REQUIRED ACTION: Output the data below only from the line containing "Os servidores da" up to and including the line containing "View the 4P06", exact and with the pictures left out.

PROVIDED RECORDS:
====

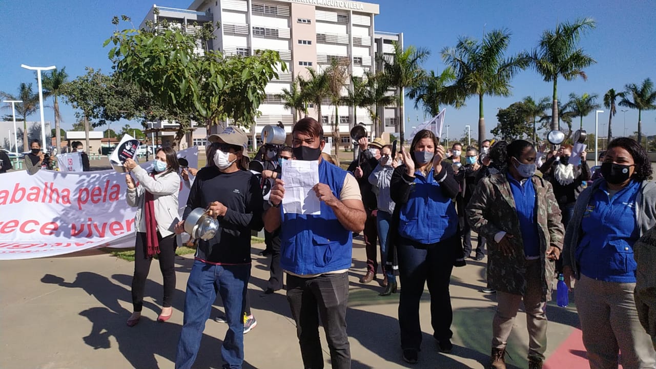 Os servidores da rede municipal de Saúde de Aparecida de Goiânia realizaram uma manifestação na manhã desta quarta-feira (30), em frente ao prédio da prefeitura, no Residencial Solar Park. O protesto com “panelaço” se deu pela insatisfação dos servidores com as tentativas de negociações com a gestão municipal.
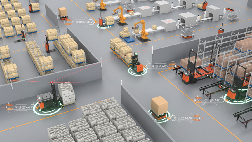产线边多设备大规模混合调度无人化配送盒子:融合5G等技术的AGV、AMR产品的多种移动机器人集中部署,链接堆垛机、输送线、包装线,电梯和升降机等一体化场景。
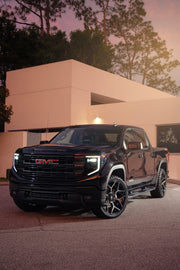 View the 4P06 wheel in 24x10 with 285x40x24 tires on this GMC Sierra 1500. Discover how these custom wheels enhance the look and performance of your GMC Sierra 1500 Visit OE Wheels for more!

====

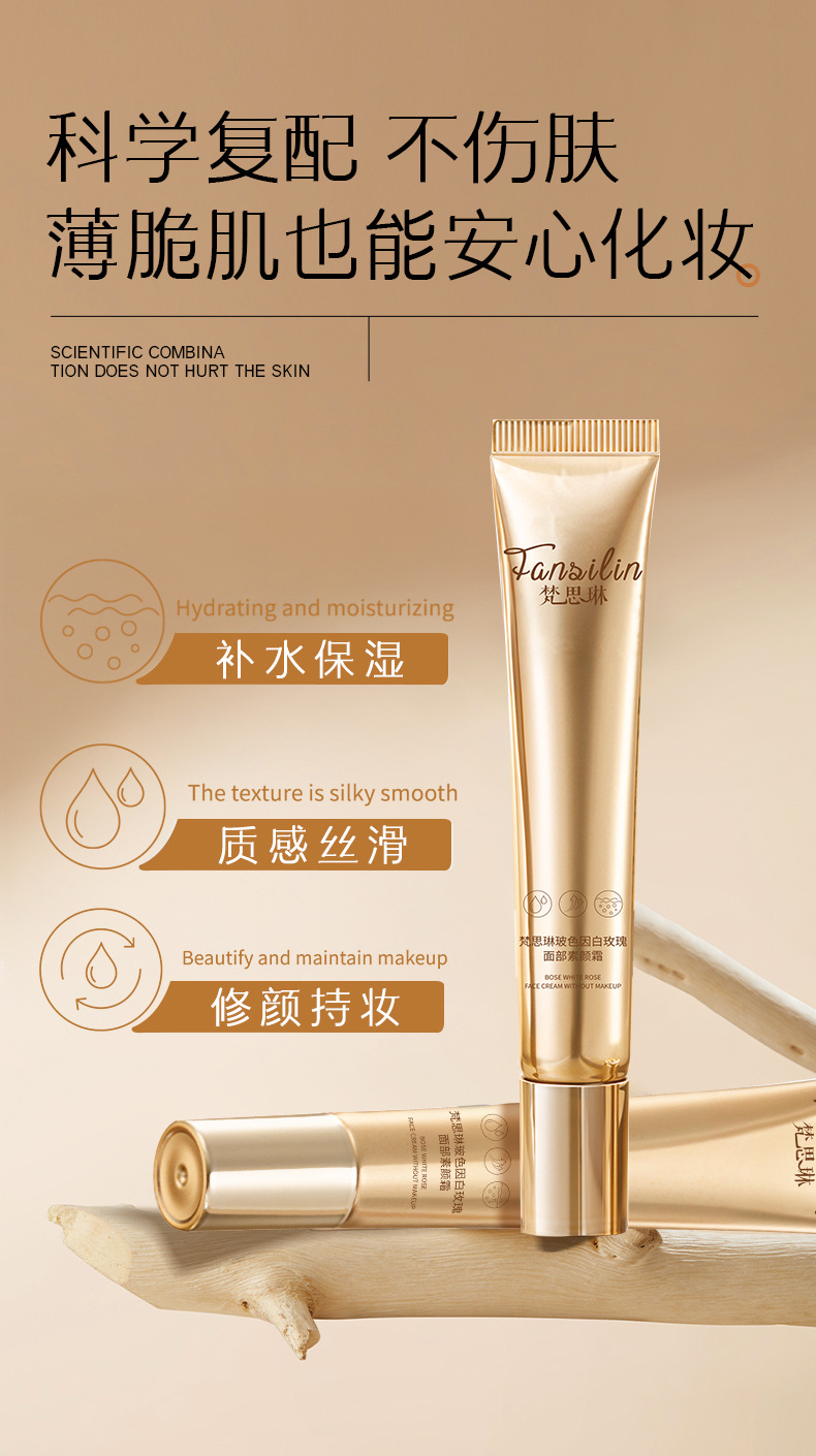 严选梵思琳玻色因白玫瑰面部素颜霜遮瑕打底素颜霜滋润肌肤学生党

====

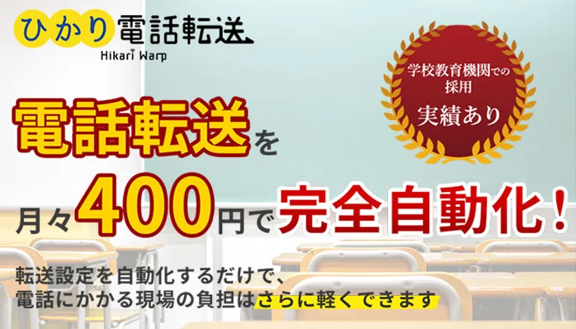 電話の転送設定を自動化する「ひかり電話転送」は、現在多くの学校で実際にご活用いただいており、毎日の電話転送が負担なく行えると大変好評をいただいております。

====

SOLVED EXERCISE:
 Os servidores da rede municipal de Saúde de Aparecida de Goiânia realizaram uma manifestação na manhã desta quarta-feira (30), em frente ao prédio da prefeitura, no Residencial Solar Park. O protesto com “panelaço” se deu pela insatisfação dos servidores com as tentativas de negociações com a gestão municipal.
产线边多设备大规模混合调度无人化配送盒子:融合5G等技术的AGV、AMR产品的多种移动机器人集中部署,链接堆垛机、输送线、包装线,电梯和升降机等一体化场景。
 View the 4P06 wheel in 24x10 with 285x40x24 tires on this GMC Sierra 1500. Discover how these custom wheels enhance the look and performance of your GMC Sierra 1500 Visit OE Wheels for more!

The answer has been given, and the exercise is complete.